WORK TO COMPLETE> Would you please set down the data again exactly as given, excluding the pictures?

SOURCE MATERIAL>
━━━━━━━━━━━━━━━━

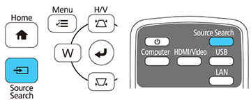 - Appuyez sur la touche Source Search du projecteur ou de la télécommande jusqu'à ce que l'image de la source voulue apparaisse à l'écran.
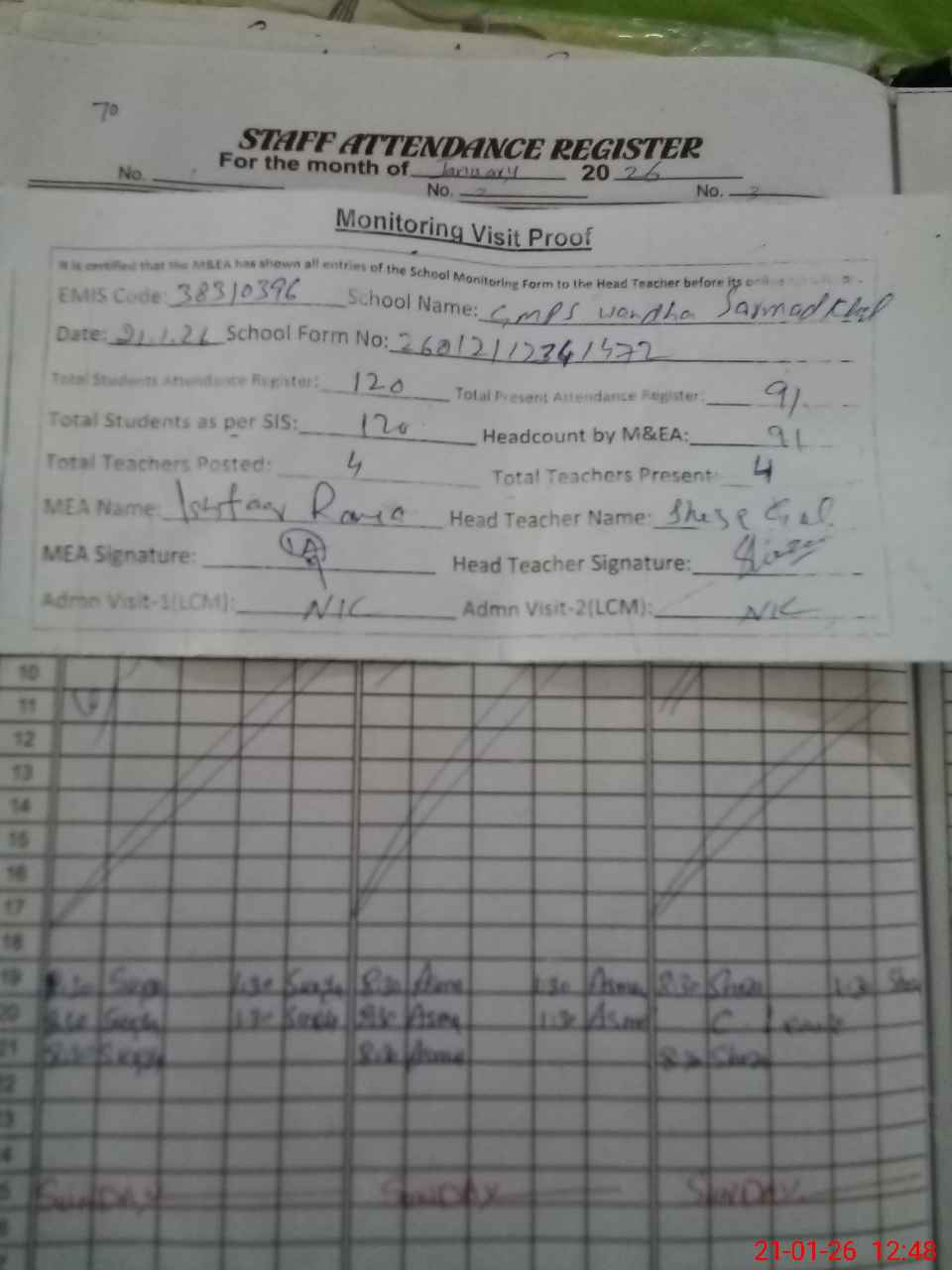 | Attendance Register | Head Teacher | MEA with School | Visit Proof |
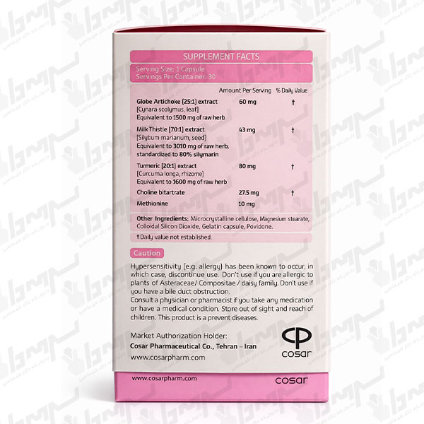 | عصاره کنگر فرنگی (25:1) معادل 1500 mg گیاه خام | Globe Artichoke (25:1) extract equivalent to 1500 mg of raw herb | 60 mg | ** |

━━━━━━━━━━━━━━━━

WRITTEN REPLY>
 - Appuyez sur la touche Source Search du projecteur ou de la télécommande jusqu'à ce que l'image de la source voulue apparaisse à l'écran.
 | Attendance Register | Head Teacher | MEA with School | Visit Proof |
 | عصاره کنگر فرنگی (25:1) معادل 1500 mg گیاه خام | Globe Artichoke (25:1) extract equivalent to 1500 mg of raw herb | 60 mg | ** |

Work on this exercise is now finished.